Thursday, May 12, 2022

Did Fifth Circuit Put Texas In Charge of The Internet?

The internet is, as most people know, everywhere, which makes it something of a problem for those who either want to regulate it or signal to their supporters that they would, if they could. But they can’t, obviously, because it’s the friggin’ internet, right? Well, the European Union did, to some extent, and Congress holds hearings about it all the time as both sides want to control it, albeit for different reasons.

Then along comes Texas, because it’s Texas, with a cockamamie bill that everyone who has any clue about law and cyberspace knows with absolute certainty can’t be upheld because it’s a flagrant affront to the First Amendment. How bad? This bad.

Sec. 143A.002. CENSORSHIP PROHIBITED.

(a) A social media platform may not censor a user, a user’s expression, or a user’s ability to receive the expression of another person based on:

(1) the viewpoint of the user or another person;
(2) the viewpoint represented in the user’s expression or another person’s expression; or
(3) a user’s geographic location in this state or any part of this state.

This is not a question of whether you wishcast the companies that own the websites you use and enjoy on the internet internet to be public property rather than private, but whether the Republic of Texas gets to make it so, for its own citizens at least because the internet works that way.

The enactment of this law was easy. After all, it would show Texans how fair and just their state government was, seeking to save them from the censorship of their beloved politicians and pundits by the hated Big Tech. And the reason it was so easy was because they know, with as much certainty as an elected official can muster, that this law would never, but never, be upheld in court.

Sure, there were likely some dopes who had no clue how constitutional law worked who believed this law was good, but there’s no requirement that elected officials be knowledgeable or be familiar with reality.

And when the district judge did what he would obviously be required to do, enjoin this law that was an obvious violation of the First Amendment, not to mention just plain dumb in that it demonstrated no grasp of how the internet worked or what businesses on the internet did (is Twitter an ISP because the law says so?)

Yesterday, the obvious came crashing down. Following oral argument on the appeal of the district court’s injunction, the Fifth Circuit issued this order.

What this means is that the law that nobody could possibly believe would ever take effect is going to take effect. What this suggests is that, by staying the injunction after oral argument, the non-unanimous panel will uphold this law, and vacate the injunction.

This is nuts. But in the Fifth Circuit, at least for now, this is the law.

And this is the law as of the moment that order was released, even though it would be impossible for internet companies to comply with the procedural requirements of the law even if they wanted to. What this means for the internet in Texas is anybody’s guess at the moment. If compliance is impossible, do they “turn off” the internet to Texas?
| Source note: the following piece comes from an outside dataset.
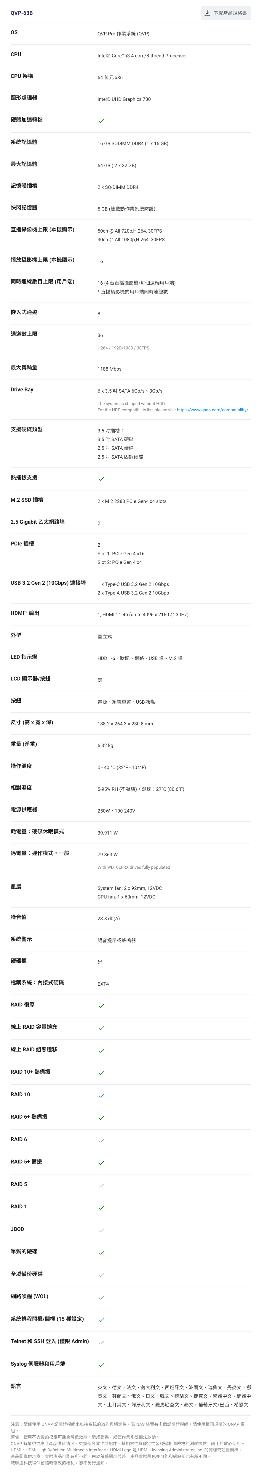 QVP-63B QVR Pro 專用機為桌上型的安全監控伺服器,搭載 Intel® Core™ 多核心處理器,內建 QVR Pro 監控軟體,免費提供 8 個攝影機頻道,支援最高可擴充至 36 個攝影機頻道;經濟實惠的監控錄影一體機,協助中小企業與小型辦公室輕鬆打造安全、可靠、集中儲存管理的高效能影像監控環境。

But even more to the point, if two judges on the Fifth Circuit panel, for whatever reason, have decided that the Constitution be damned, it’s time to seize control of social media for the public good, what if another state in another circuit decides that it, too, will control the internet and demand the opposite of Texas? After all, if Texas can dictate what internet companies must carry, can’t California or Oregon?

Arguments have been proffered as to why social media websites like Facebook and Twitter should be deemed the public square as a consequence of their market dominance. After all, if that’s where all the people are, who use is yelling into an empty void? And just because the public square is now privately owned doesn’t mean it’s not where everybody wants to jump atop a soapbox and speak their mind, right?
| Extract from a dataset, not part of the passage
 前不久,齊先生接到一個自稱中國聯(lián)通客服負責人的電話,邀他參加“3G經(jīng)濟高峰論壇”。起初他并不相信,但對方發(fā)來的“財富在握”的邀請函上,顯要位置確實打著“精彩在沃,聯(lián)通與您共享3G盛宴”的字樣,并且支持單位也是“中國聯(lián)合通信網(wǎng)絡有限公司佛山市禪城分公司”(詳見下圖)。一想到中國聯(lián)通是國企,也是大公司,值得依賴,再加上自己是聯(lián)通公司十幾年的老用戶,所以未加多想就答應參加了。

The emotional appeal of these arguments notwithstanding, they remain legally nonsensical. Corporations have First Amendment rights. Corporations (yes, even corporations whose stock trades publicly) are private entities. They can’t be seized for the public good because you want them to be. And you really don’t want them to be anyway, as that would render them as much a tool of the other tribe when they push the buttons of state as yours.

So what happens now that the Fifth Circuit has stayed the injunction? The swiftest mechanism to return the metasphere to equilibrium would be to seek a stay of the stay of the injunction from the Supreme Court using its “shadow docket” for emergency relief. The alternative would be to seek review from the circuit en banc, but that wouldn’t be an emergency proceeding.

In the meantime, what’s to be done? Compliance with this nonsensical law is impossible. Noncompliance is, well, a violation. And the brighter lights in Texas’ state government are about to realize that their joke of a law, designed solely to virtue signal to their red-hatted groundlings who would love this law without the slightest clue of how bad, untenable and unconstitutional it was, suddenly realize that the impossible happened. This loony law was just upheld and will go into actual effect. What do you plan to do now, Texas? And what do internet companies plan to do about this, unless and until this law is once again enjoined?

Will good citizens of the Republic of Texas wake up this morning to find they can no longer access the interwebs? Not likely, but then an awful lot of legal lunacy has happened of late, making predictions based on law and reason an iffy proposition.